The eurowas flat against the dollar this month, trading lower again at $1.02.But the intensity dropped markedly as stocks and Brent rose, a natural gas strike in Norway and Wall Street expected to trade sideways later on.

Euro zonegovernment bond yields also continued to fall, although sterling barely flinched after the country's finance minister and a dozen others sharply resigned in protest against British Prime Minister Boris Johnson.

The broad Stoxx Europe 600 rose 1.6%, with London, Frankfurt and Paris up 1.7%, 1.5% and 1.4% respectively, led by gains in retail, travel and mining stocks.

Still, analysts say worries that the world economy is stalling are still lingering.

"The market movement over the past few days is typical of recession pricing," said Hugh Gimber, global market strategist at JPMorgan Asset Management."Investors are really becoming more aware of risk." The dollar's six-currency index rose to a 20-year high of 106.97, with other safe-haven assets also in demand, including the yen.

The MSCI World Equity Index, which tracks stocks in 47 countries, has fallen 20% this year but was flat despite gains in European stocks.

S&P 500 futures pointed to a drop of about 0.1% to 0.3% on Wall Street, with the main focus on minutes from the Fed's most recent meeting, which will be released later.

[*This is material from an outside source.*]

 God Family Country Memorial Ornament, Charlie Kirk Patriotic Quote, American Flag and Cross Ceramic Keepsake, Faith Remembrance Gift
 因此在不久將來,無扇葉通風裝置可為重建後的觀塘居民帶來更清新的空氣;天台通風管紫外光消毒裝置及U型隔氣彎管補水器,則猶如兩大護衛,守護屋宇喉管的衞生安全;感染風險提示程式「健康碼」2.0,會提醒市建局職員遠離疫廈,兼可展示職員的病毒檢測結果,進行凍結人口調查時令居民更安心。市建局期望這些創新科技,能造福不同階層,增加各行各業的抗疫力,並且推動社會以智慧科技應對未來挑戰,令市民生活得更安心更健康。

Overnight, MSCI's index of Asia-Pacific shares outside Japan fell 1%, with indexes in Taiwan and South Korea down 2% amid the coronavirus outbreak in China.

For global markets to feel better again, oil prices and inflation must now fall and stay low, said Hans Peterson, global head of asset allocation at SEB Investment Management in Sweden.

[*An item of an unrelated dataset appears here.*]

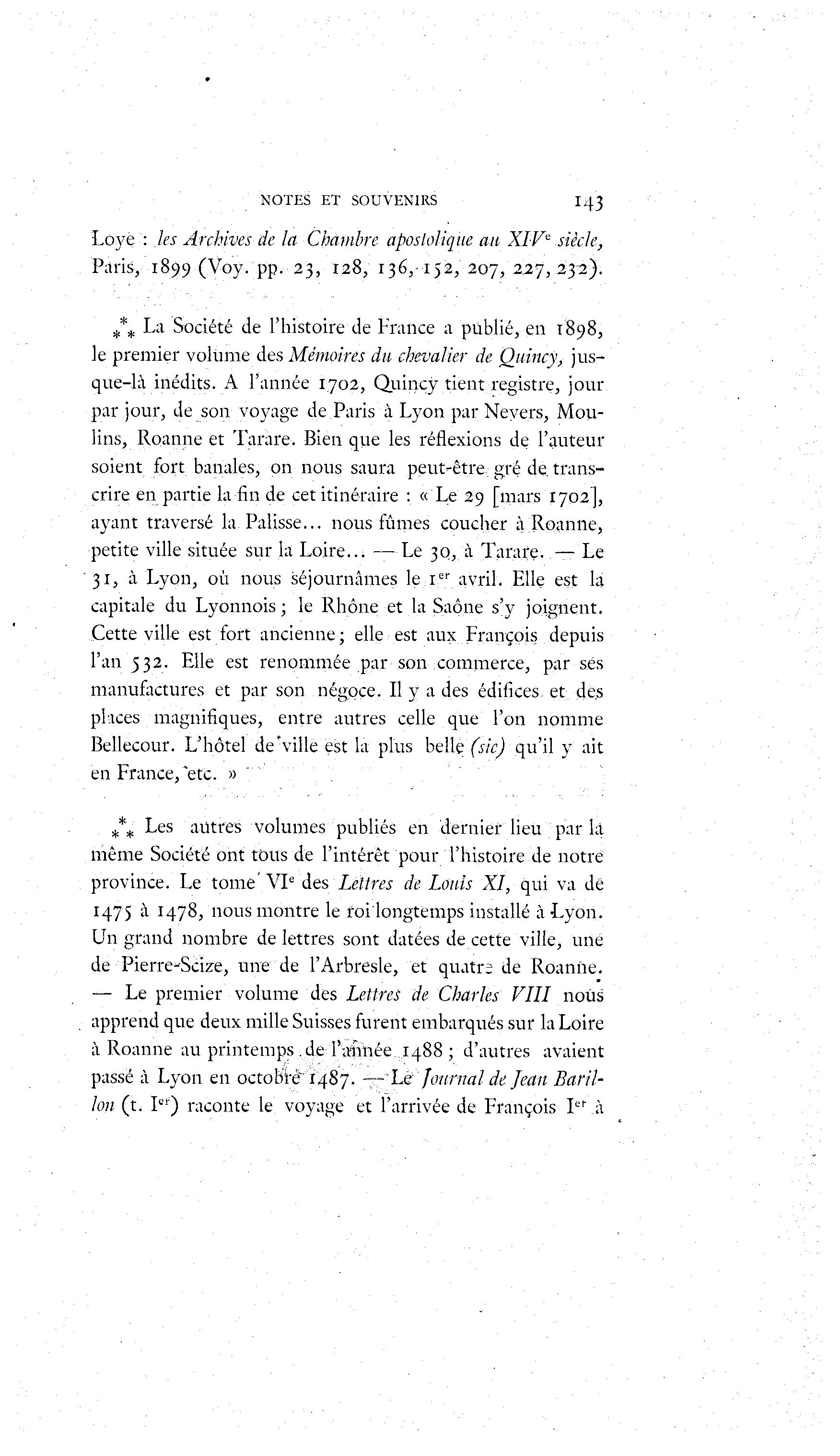 lins, Roanne et Tarare. Bien que les réflexions de l'auteur

"What we're looking at is how consumers react and how central banks react and when they'll be comfortable with what they're doing," Peterson said, referring to rising interest rates and the withdrawal of stimulus.

gas

Brent crude futures entered U.S. trade at $103.87 a barrel, having earlier rallied as high as $105.85 as supply worries offset recession fears.

Uncertainty over European gas supplies has sparked the latest bout of growth concerns, sending prices soaring.Benchmark Dutch gas prices have doubled since mid-June.

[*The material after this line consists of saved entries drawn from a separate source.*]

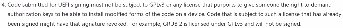 Im übrigen macht MS kein Geheimnis darum, freie Softwarelizenzen auszuschließen. Code, der beispielsweise unter GPLv3 steht (wie Grub), werden sie pauschal nicht signieren. Sollte das dennoch passiert sein, behält sich MS vor, dies zurück zu ziehen. MS behauptet, die GPLv3 würde sie zur Herausgabe der Master-Schlüssel zwingen.
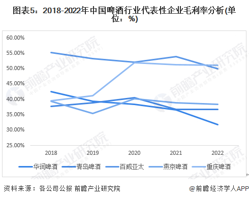 2018-2022年,行业代表性企业的毛利率呈现波动下降的趋势,但平均水平保持在约40%左右。总体来看,啤酒企业的毛利率在30%至50%之间波动,而百威亚太和重庆啤酒这两家布局高端市场的企业毛利率较高。
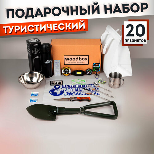 Оригинальный мужской подарочный набор это необычный подарок для вашего мужчины. Многофункциональный комплект включает в себя весь необходимый инвентарь туриста полезный для каждого парня! Термос, кружка, миска, вилка, 2 ложки, прочный нож, складная лопата, термосумка, карабин, изолента, салфетки, пакет для путешествий, 2 лейкоплатыря, таблетки для обеззараживания воды, налобный фонарь, батарейки, карта выживания, компас. Это набор полезных вещей которые обязательно пригодятся всем любителям активного отдыха, рыбалки и охоты. Такой готовый тактический походный набор для выживания поставляется в подарочной крафт коробке. Каждый мужчина оценит по достоинству такой кемпинговый набор и распаковка подарка уже подарит приятные эмоции. Это тактическое снаряжение готовый мультитул для путешествий, похода, рыбалки на природе или туризма, отлично подойдет как подарок мужчине на день рождения, др. Комплект включает в себя все необходимые туристические аксессуары и походный набор. Это будет отличный подарок мужу, парню или девушке, папе на юбилей или новый год, который точно оставит приятные эмоции. Все инструменты и снаряжение в наборе изготовлены из качественных материалов, надежные и долговечные товары для мужчин в оригинальной упаковке.
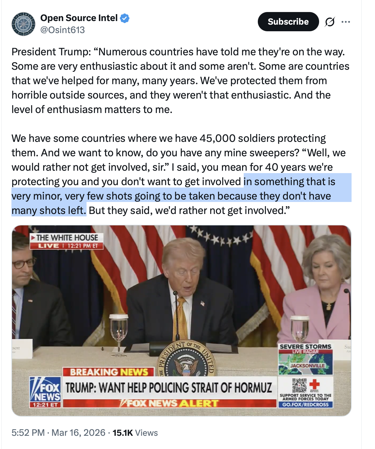 >President Trump warned NATO that it faces a "very bad future" if it does not help the US open the Strait of Hormuz

However, they fell 7% on Tuesday after the Norwegian government intervened to end an industrial strike that appeared to exacerbate Europe's energy crisis, and now warnings of rationing have emerged.

Some investors worry that the flow of gas along the Nord Stream pipeline, which transports gas from Russia to Germany after a 10-day maintenance shutdown from July 11, may not resume, and that winter supply shortages will lead to a sharp drop in rationing and economic activity .

The background is rising interest rates.

Minutes from the Fed later in the meeting should provide insight into its June meeting, which announced the largest hike in U.S. benchmark interest rates in nearly 30 years.That could herald more rate hikes, as Fed officials have said their priority is fighting inflation, even at the cost of economic growth.

A key part of the U.S. Treasury yield curve — the two-year and 10-year ranges — remained inverted for the second day in a row on Wednesday, signaling growing fears of recession risk in the world’s largest bond market.

An inversion of this part of the Treasury curve is seen as a reliable indicator that a recession is imminent, usually 18-24 months away.

On Tuesday, the two-year, five-year segment also remained inverted for the first time since February 2020. "The likelihood of a soft landing has dropped significantly," said August Hatecke, co-head of Asia Pacific at UBS Wealth Management. told investors at a conference in Singapore.